Open reivilibre opened 1 year ago
For reference I'm getting the following error on UserDirectoryICUTestCase.test_icu_word_boundary_punctuation
:
Traceback (most recent call last):
File "synapse/tests/storage/test_user_directory.py", line 559, in test_icu_word_boundary_punctuation
self.assertIn(
File ".env/twisted/trial/_synctest.py", line 506, in assertIn
raise self.failureException(msg or f"{containee!r} not in {container!r}")
twisted.trial.unittest.FailTest: ["lazy'fox", 'jumped', 'over', 'the.dog'] not in (["lazy'fox", 'jumped', 'over', 'the', 'dog'], ["lazy'fox", 'jumped:over', 'the.dog'])
I think the change in colon behaviour was actually added by Apple for ICU 72.1: https://unicode-org.atlassian.net/browse/ICU-22112
So possibly that will break in future Ubuntu versions too :)
I'm somewhat confused here; I tried segmenting this snippet on 3 versions of Ubuntu (3 versions of ICU) and they all gave the same result. From this, we might hope to conclude that ICU version is not what affects it.
But I tried playing around with locales and could not invite a change that way either.
print(_parse_words_with_icu("lazy'dog jumped:over the.fox 授業は八時三十分から始まるから。"))
-----
Ubuntu 20.04
ICU 66.1
["lazy'dog", 'jumped', 'over', 'the', 'fox', '授業', 'は', '八時', '三', '十分', 'から', '始まる', 'から']
-----
Ubuntu 22.04
ICU 70.1
["lazy'dog", 'jumped', 'over', 'the', 'fox', '授業', 'は', '八時', '三', '十分', 'から', '始まる', 'から']
-----
Ubuntu 23.04
ICU 72.1
["lazy'dog", 'jumped', 'over', 'the', 'fox', '授業', 'は', '八時', '三', '十分', 'から', '始まる', 'から']
The above were containerised (docker) installs.
My laptop has Kubuntu 22.10 and says
ICU 71.1
["lazy'dog", 'jumped:over', 'the.fox', '授業', 'は', '八時', '三', '十分', 'から', '始まる', 'から']
>>> [f"{k}={v}" for k, v in os.environ.items() if k.startswith("LC_")]
['LC_MONETARY=en_GB.UTF-8', 'LC_MEASUREMENT=fr_FR.UTF-8', 'LC_CTYPE=en_GB.UTF-8', 'LC_TIME=en_GB.UTF-8', 'LC_COLLATE=en_GB.UTF-8', 'LC_NUMERIC=en_GB.UTF-8']
In an Ubuntu docker
container, I get
>>> [f"{k}={v}" for k, v in os.environ.items() if k.startswith("LC_")]
['LC_CTYPE=C.UTF-8']
Even if I change the LC_
env vars on my laptop to just that, I get the same tokenisation. (I also tried using different methods on Locale
to see if I could get a different Locale from within PyICU. Unless it's just this one version of ICU that has the difference? I guess I should try that one in docker as well)
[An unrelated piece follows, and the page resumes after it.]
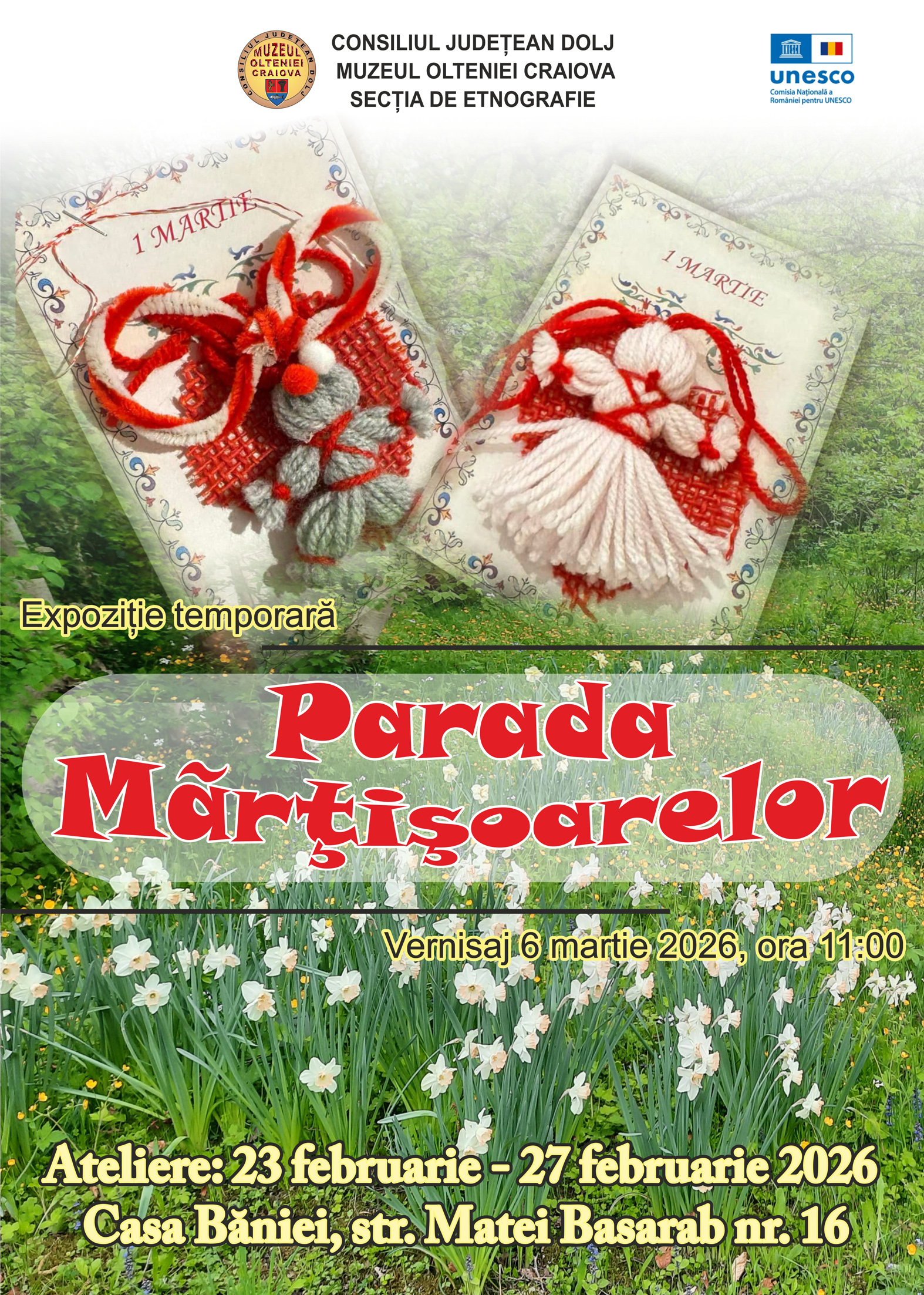 Pornind de la această idee, Muzeul Olteniei Craiova – Secția de Etnografie, în parteneriat cu CNR UNESCO și cu sprijinul Consiliului Județean Dolj, organizează, în perioada 23–27 februarie, ateliere de creație dedicate realizării de mărțișoare tradiționale, la sediul Casei Băniei.

EDIT: ICU 71.1 in a container acted the same as every other ICU version in a container...
Huh, interesting, because I did see that change on their github, but possibly that is a different library? I probably mixed something up then, sorry!
The ICU tokenisation rules seem to vary on different platforms.
Is it the ICU version? The locale? (How does ICU even get a default locale? I had a quick spelunk in the source code and couldn't find it!)
We need to figure out:
It feels like we want a 'universal' locale independent of the host's settings, so that Synapse works well with all languages. (This may be a pie in the sky goal!) What's the best we can do?
This issue was originally dug up in #15079, but e.g. Patrick's machine generates another tokenisation yet again. I'm not satisfied with the current solution..